Once the data is represented in mathematical space, we can design a model that predicts the author of the document based on its mathematical representation. In this case, we want an algorithm that ties the word frequencies of a text to a particular author. I achieved this by combining two separate processes: principal component analysis (PCA) followed by linear discriminant analysis (LDA). Principal component analysis extracts the most important features from our data and yet again mutates its format so that a model can analyze the text more easily. Linear discriminant analysis, emphasis on discriminant, models how word frequencies differ by author. Based on this model, LDA can then predict the author of a document.

  • PCA High-Level Overview: PCA performs a change of basis of the data, the basis being the multi-dimensional space where the points sit, to reduce the dimensionality. Instead of representing each federalist paper by a long list of 10,000 word frequencies, PCA will represent each paper by a short series of a specified number of vectors, say 50. This preserves the most important information in the data, while allowing for simplicity and interpretability in the machine learning model. Furthermore, the machine learning algorithm is less likely to overfit; in other words, we can rely on the model to make accurate predictions with new data (the papers with unknown authors).

  • PCA Algorithm Technical Overview: Say we want to represent each federalist paper in d dimensions. PCA finds the axis in d-dimensional space for which the coordinates of the data points projected onto that axis would have the largest variance (we preserve the greatest amount of information). It does this by identifying d eigenvalue-eigenvector pairs. Each eigenvalue is the variance of the data points’ coordinates when projected onto the span of the corresponding eigenvector. The eigenvector associated with the largest eigenvalue is the principal component for this iteration. Next, PCA searches all possible axes that are orthogonal to the previous principal components to identify the next axis for which the coordinates have the largest variance. The process continues for d iterations.
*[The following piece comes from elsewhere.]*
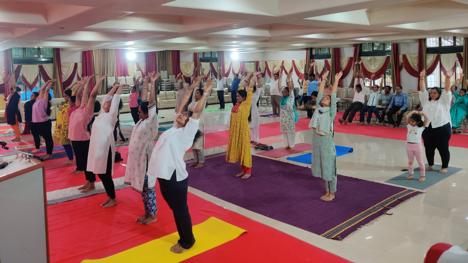 ದೇವಾಡಿಗ ಸಂಘ ಮುಂಬಯಿ ಇದರ ಮಹಿಳಾ ವಿಭಾಗದ ವತಿಯಿಂದ ಅಂತರರಾಷ್ಟ್ರೀಯ ಯೋಗ ದಿನಾಚರಣೆಯನ್ನು ಶ್ರೀಮತಿ ಜಯಂತಿ ದೇವಾಡಿಗ ಇವರ ನೇತೃತ್ವದಲ್ಲಿ ಇಂದು (23-6-2024) ಸಂಜೆ ಇಲ್ಲಿಯ ನೆರೂಲ್ ಪಶ್ಚಿಮದ ದೇವಾಡಿಗ ಭವನದಲ್ಲಿ ಆಚರಿಸಿದರು. ಈ ಸಂದರ್ಭದಲ್ಲಿ ಸೇರಿದ ಸಂಘದ ಸದಸ್ಯರಿಗೆ ಯೋಗದ ಮಾಹಿತಿ ನೀಡಿದ ಜಯಂತಿ ದೇವಾಡಿಗ ಇವರು ಅನೇಕ ಯೋಗಾಸನಗಳ ಪ್ರಾತ್ಯಕ್ಷಿಕೆ ನೀಡಿ ಯೋಗದಿಂದ ಆರೋಗ್ಯವನ್ನು ಹೇಗೆ ಕಾಪಾಡಿಕೊಳ್ಳಬಹುದು ಎಂದು ತಿಳಿಸಿ ಹೇಳಿದರು. “ಜನರು ಹೆಚ್ಚಾಗಿ ಮಂಡಿನೋವು, ಸೊಂಟ ನೋವು, ಬೊಜ್ಜು, ಥೈರಾಯಿಡ್, ಹೃದಯರೋಗ, ಡಯಾಬೆಟಿಕ್ಸ್, ಹೈ ಮತ್ತು ಲೊ ಬ್ಲಡ್ ಪ್ರೆಷರ್ ಖಾಯಿಲೆಗಳಿಂದ ಬಳಲುತ್ತಿದ್ದು ನಿಯಮಿತ ಮತ್ತು ವೈಜ್ಞಾನಿಕ ಯೋಗದಿಂದ ಇಂತಹ ಎಲ್ಲಾ ಖಾಯಿಲೆಗಳಿಗೆ ಪರಿಹಾರ ಕಂಡುಕೊಳ್ಳಬಹುದು”; ಎಂದು ಶ್ರೀಮತಿ ಜಯಂತಿ ದೇವಾಡಿಗ ಇವರು ತಿಳಿಸಿ ಹೇಳಿದರು.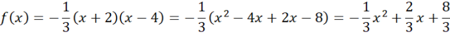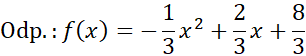 W tym zadaniu zapisz wzór funkcji w postaci ogólnej. Funkcja ta jest funkcją kwadratową, o zbiorze wartości (-∞; 3>, a jej miejscami zerowymi są liczby -2 i 4.

These are a lot of complicated words. For those of us who don’t think in mathematical jargon, how can we understand what PCA is actually doing? A great disadvantage of machine learning algorithms is that they are often “black boxes.” The data and the algorithm are so far out in abstract mathematical space that they are incomprehensible to the human brain. In addition, we don’t know the details of the inner workings of the algorithm or how exactly it makes decisions. However, PCA allows us to visualize an approximation of what The Federalist Papers look like in this new form by plotting the first two principal components (the ones that contain the most information about the documents). The figure below shows each Federalist Paper represented in this way. The colors indicate which founding father authored each text. PCA does not take the authorship of the documents into consideration, yet we can already see that the data points appear to cluster based on the author; documents written by the same author are close to each other in mathematical space where closeness is determined by patterns of word frequencies. This is a promising sign that word frequencies will indeed help distinguish which author wrote each of the documents.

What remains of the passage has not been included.